Published on June 25th, 2018 | by Guest Writer
0THE MAGNIFICENT SEVEN GREATEST TT RIDERS OF ALL TIME – The Irish Dasher, Stanley Woods
STANLEY WOODS
1903-1993
TTs contested: 19
TT wins: 10
Podiums: 14
WORDS BY COLIN BORELAND
Stanley Woods got his first taste of motorcycles riding an Indian sidecar filled with blackmarket petrol during WWI in Dublin. He must have liked the flavour. Stanley subsequently decided would visit and compete at beach racing events on whatever he could beg, borrow or steal.
He first visited the Isle of Man in 1921 and decided he was going to have a crack the following year, announcing to friends as they together sat on the verge at Hillberry, “I could do that.”
Back in those days there were only three races during the week – the 250cc, the 350cc and the 500cc. Stanley knew he had to get a serious bike if he was going to make an impact. So he began a campaign of epic bullshitting, telling one team he had been signed by another team for the 500cc, but he needed a 350 for the other race and vice versa. In an attempt to cadge a decent bike, Stanley also offered the contact details of various ‘racing clubs’ and would forge his own glowing testimonials.
Cotton fell for the cunning ruse and offered him one of its new overhead-valve Cotton-Blackburne bikes for the Junior TT. Never having actually seen Woods the team manager seemed a little underwhelmed meeting him in the flesh and declared, “My God! They’ve sent me a bloody schoolboy!”
His first race on the Cotton was eventful. He dropped the spare spark plugs out of his pocket on the start line, hit the kerb at Governor’s Bridge, and had the bike catch fire when it was being refueled. After the inferno had been quenched he evaded the remonstrating officials and blasted off down Bray Hill only to hit the same kerb at Governor’s, fall off the bike again at Sulby, stop to adjust the valves and then finish the race without brakes. He did manage to secure a very creditable fifth place. One year later he would win his first TT on the Cotton.

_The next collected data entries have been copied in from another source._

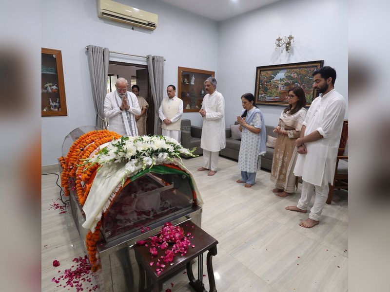 नई दिल्ली। प्रधानमंत्री नरेंद्र मोदी ने मंगलवार को भारतीय जनता पार्टी (भाजपा) के वरिष्ठ नेता और दिल्ली भाजपा के पहले अध्यक्ष प्रोफेसर विजय कुमार मल्होत्रा के घर जाकर श्रद्धाजंलि अर्पित की।
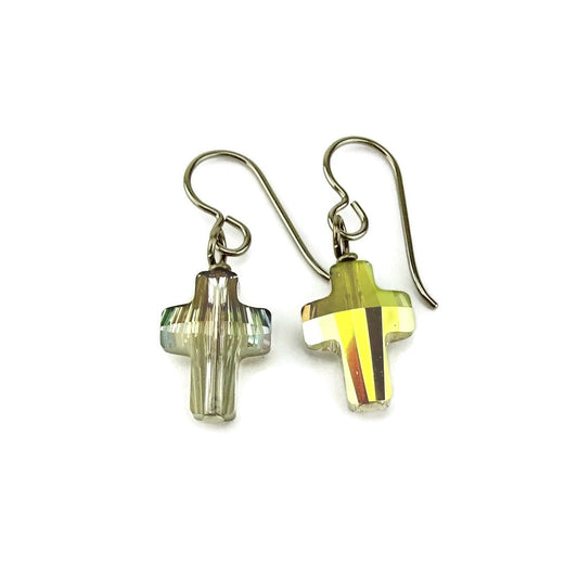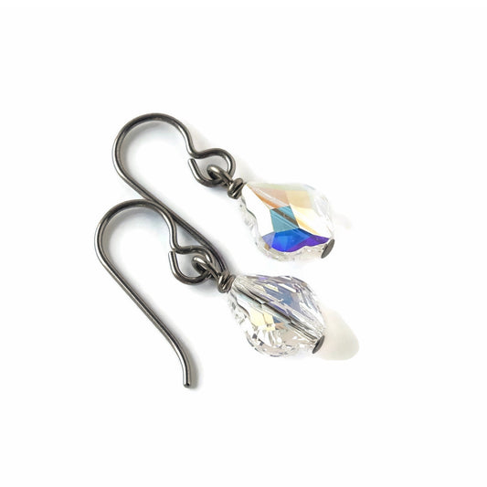 Titanium Earrings with Aurora Borealis Baroque Crystals
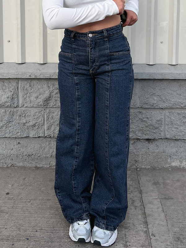 Gerade geschnittene Boyfriendjeans im Vintage-Stil mit weitem Bein
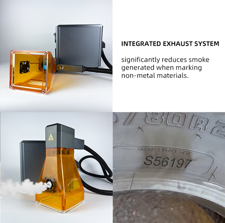 The Faith handheld laser marking machine is thoughtfully designed and equipped with an optional protective cover and an integrated exhaust system. The protective cover can enhance the smoke purification function, and the exhaust system significantly reduces the smoke when marking non-metallic materials to ensure a clean operating environment.
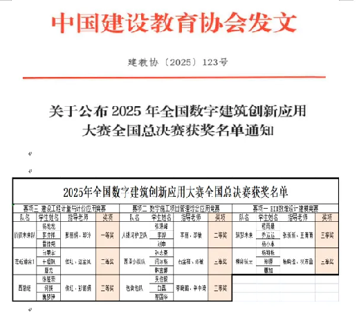 近日,2025年全国数字建筑创新应用大赛落下帷幕。我校学子摘得国家级一等奖1项、二等奖2项、三等奖5项,其中一等奖团队跻身全国12强,不仅刷新了我校在该赛事的历史成绩,更实现了获奖数量与质量的双重突破,标志着学校在数字建筑领域的教学与实践水平迈上新台阶。
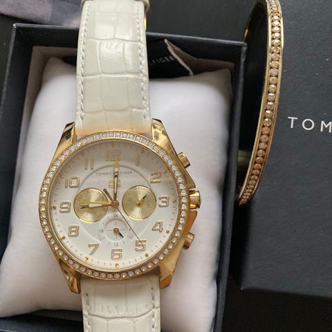 Hilfigerin kello, ei ole paljon käytetty kun jäi pieneksi ja lisäpalat oli hukkuneet. Sisämitta noin 15 cm, tyttärellä meillä ollut. Lisäpaloja varmaan saa vielä, edullisesti uuteen kotiin
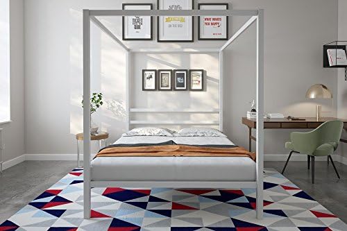 Get it as soon as mon, jun 14. Welcome to dorel home products (dhp), north america's leading supplier and importer of stylish furniture such as futons, beds, mattresses, and accent furniture. Buy dhp soho canopy bed, white, queen: The emerson is beautifully crafted with scrollwork detailing on the canopy beds four posts, headboard and footboard to give it the delicate jenny lind style. It includes secured metal slats and metal side rails for additional support
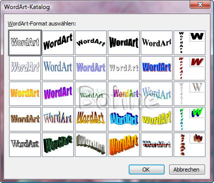 gehe wieder in der Menueleiste auf einfügen und dieses mal-> Bild -> WordArt
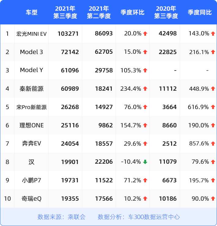新能源市场第三季度再创新高,入围榜单车型销量同比均有大幅增长,大有替代、赶超燃油车市场之势,拉动车市向新能源转型的步伐。TOP10榜单中已分化出明显的头部集团,上汽通用五菱、比亚迪、特斯拉旗下车型销量遥遥领先其他车企车型,逐步形成三足鼎立之势。
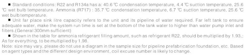 Specification of 495kw Ammonia Evaporative condenser for food industry | ||||||
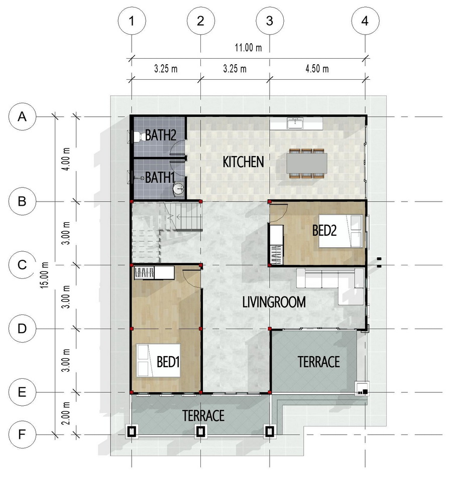 แบบบ้านสไตล์โมเดิร์นหลังนี้ประกอบไปด้วย 5 ห้องนอน 2 ห้องน้ำ 1 ห้องโถงนั่งเล่น 1 ห้องครัวพร้อมห้องรับประทานอาหาร 1 เฉลียงกว้างหน้าบ้าน งบก่อสร้างอยู่ที่ประมาณ 1.25 ล้านบาท
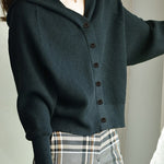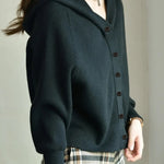 Knit Cardigan, solid color, hooded design, front single-button closure, batwing sleeve raglan design |
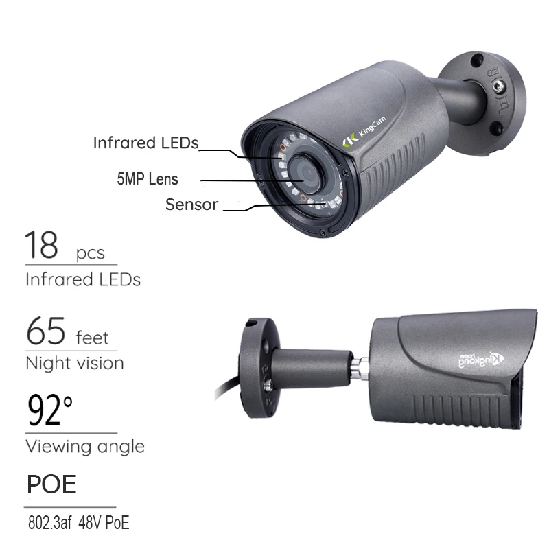 Product Name: KingCam H.265 5MP IP aparat fotograficzny aluminiowa Metal wodoodporna typu bullet zewnętrzna POE kamera IP kamera bezpieczeństwa cctv ONVIF ONVIF kamera IP C
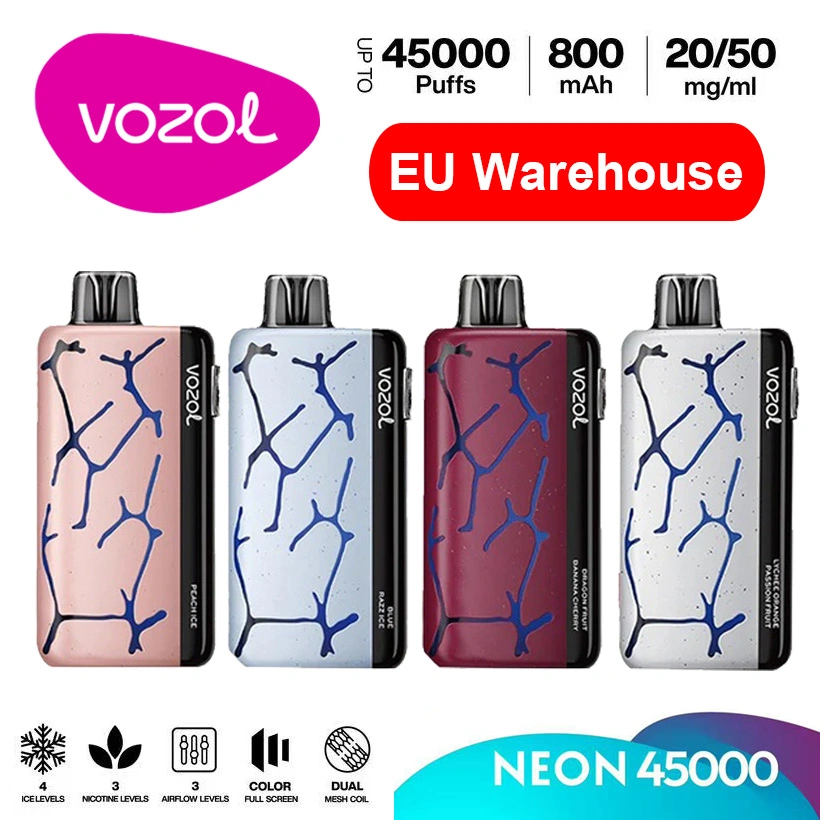 Il Vozol Neon 45000 Puffs è una sigaretta elettronica usa e getta ad alte prestazioni, dotata di batteria da 800mAh e doppia mesh coil per un vapore intenso e morbido. Dispone di schermo a colori, controllo del ghiaccio a 4 livelli, 3 livelli di nicotina e 3 modalità di airflow. Disponibile in 26 aromi, confezionamento all’ingrosso e spedizione rapida dal magazzino UE.
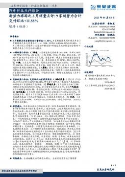 [汽车零部件]2023-04-03-东吴证券-汽车行业点评报告:新势力跟踪之3月销量点评:9家新势力合计交付环比+11.88%-9页(银创产业通www.chanyetong.net)
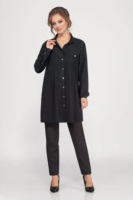 Блуза прямого силуэта с центральной застежкой с планками на 8 прорезных петель и пуговиц. Перед с нагрудными вытачками, накладными карманами, с подрезами, со складками по нижним деталям. По низу боковых швов высокие разрезы. Рукава длинные одношовные с притачной по низу манжетой, застегивающейся на 2 прорезные петли и пуговицы. Воротник рубашечного типа с отрезной стойкой, застегивающейся на 1 прорезную петлю и пуговицу.
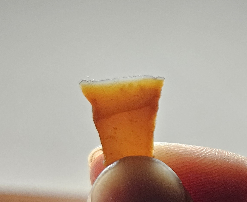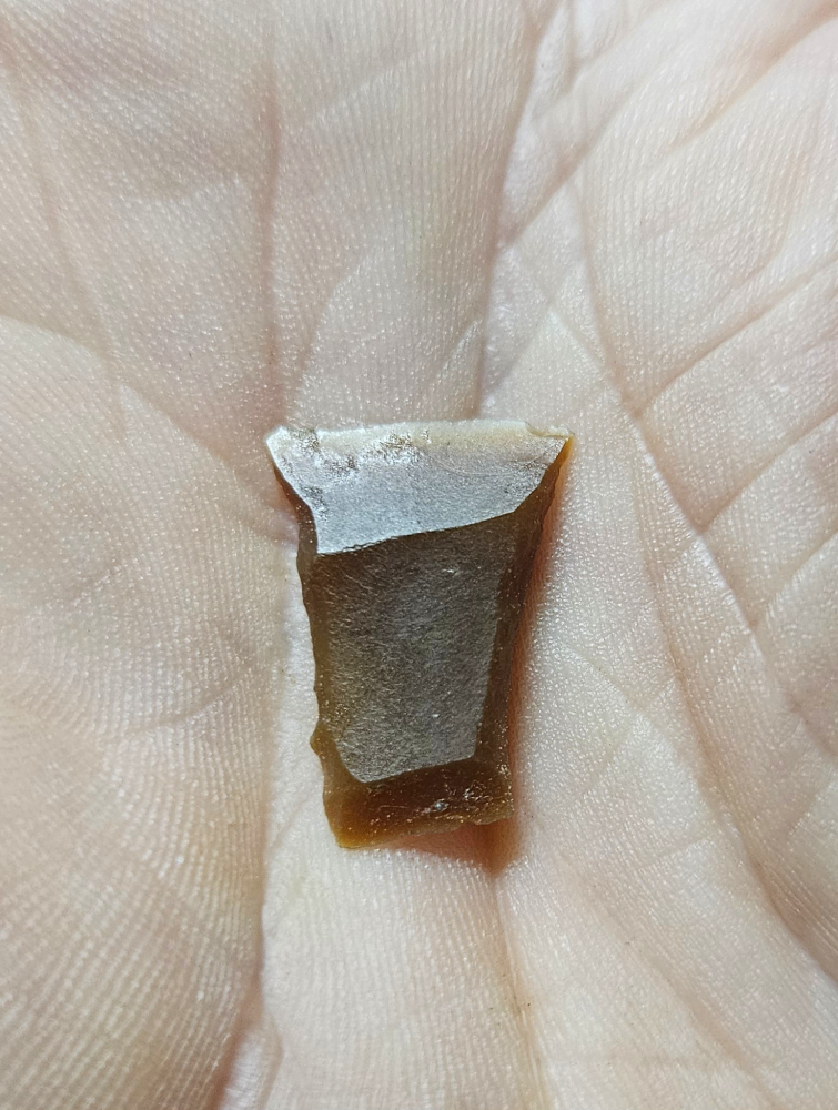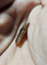 Superb example of a Transverse (tranchet) point from Denmark. These were made from the mesolithic to neolithic. Very unique style of projectile made from blade sections. A few hafted examples have been found in bogs. Material is glorious highly translucent patinated reddish Danish flint. Measures roughly 3/4 inches long. Fantastic addition for your foreign lithics frame!
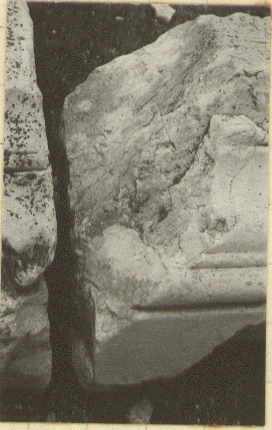 Description:   Three joining fragments only, the left of which preserves the full molding face. Upper left corner of this piece broken away. Like A 3732 but from straight course. On upper surface are three dowel cuttings without pour channels, two lewis holes (left one later cut into dowel) and cutting for Π-clamp on right end. Anathyrosis on both ends.
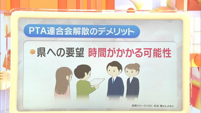 例えば、学校に「エアコンの設置を要望する」といった場合、これまでは県の連合会がまとめて教育委員会に要望を提出していたとのことですが、今後は市町村のPTAが各自で要望することが考えられるため、時間がかかるといったデメリットが予想されるということです。
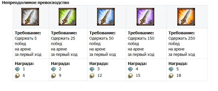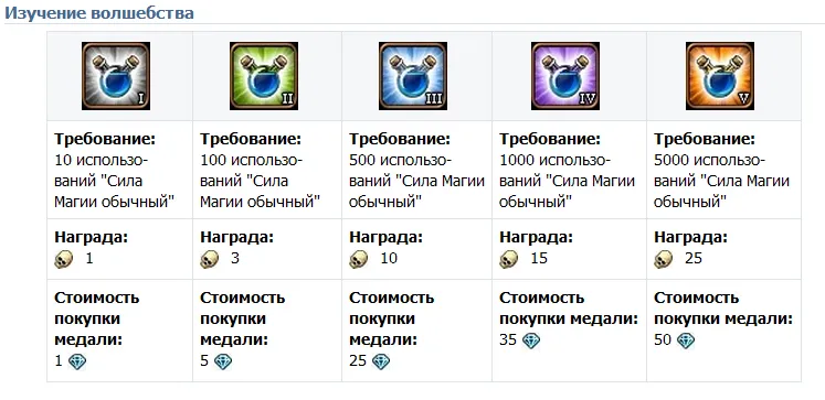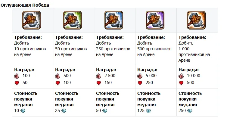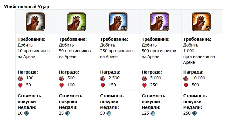Важно!Постарайся по-максимуму прокачать заклинания в Школе магии и набить аренные медальки до 4-5–го уровней твоего персонажа! Так намного проще их набить, потому, что чем выше твой уровень, тем все больше сильных игроков будут тебе попадаться на арене, которые могут сбить тебе серию, а победить с первого действия все тяжелее.
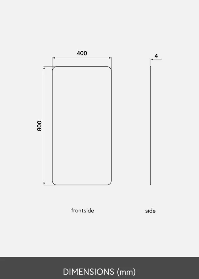 - Rektangulært spejl med afrundede hjørner
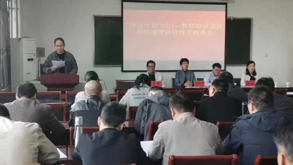B座608举行。典礼由学院继续教育办公室主任向兵老师主持。来自全省各个县区的49名初中物理精英骨干教师参加典礼。

In 1926 he changed marques and rode for Norton amassing five TT wins in the next eight years, leading the press to declare him the ‘First Motorcycling Superstar’ and nicknaming him the ‘Irish Dasher’. Murray Walker, whose father was a TT competitor between 1920 and 1935, remembers Stanley as being a fearless yet unassuming bloke who always brought him a huge box of caramels every year from his other job at Macintosh Toffees in Dublin.
Stanley tired of the formality at Norton and in 1934 he jumped ship to take up an offer from Husqvarna. His first test ride was on a frozen lake in Sweden which he survived only to run out of fuel whilst leading that year’s Senior TT.
In 1936 he signed for Moto Guzzi rewarding them with a double and making them only the second non-British team to win a TT since its inception in 1907.
Political considerations led to Moto Guzzi being excluded from the following years races due to Italy’s invasion of Abyssinia. So Stanley rode a Velocette to second place in the Senior and rode the exotic three-cylinder, supercharged German DKW two-stroke before repeated stops to replace spark plugs ended his challenge.
The years 1938 and 1939 saw two more wins for Stanley on the Velocette before the outbreak of WWII halted racing until 1947, by which time declining health had forced him to switch to trials and motocross riding.
As well as amassing 10 TT wins in his career, Stanley Woods also racked up a total of six Dutch TTs and 29 Grand Prix wins. His 10 TT haul was not surpassed until the Hailwood era some 30 years later.
In 1968 Stanley was voted the Greatest TT Rider and it would have been hard to argue that choice at the time. The modern TT format allows riders to enter twice as many races as pre-war riders. One thing that does strike was the similarity between Woods and Joey Dunlop, with both men being described as introverted, self-effacing and mechanically gifted.
There is a widely-told story that in 1974 Stanley Woods was asked to attend the Classic Bike Show in England and was discovered languishing in the general admission queue. Carl Fogarty states he saw Joey do the same thing 20 years later at the British Bike Show. Humble heroes both.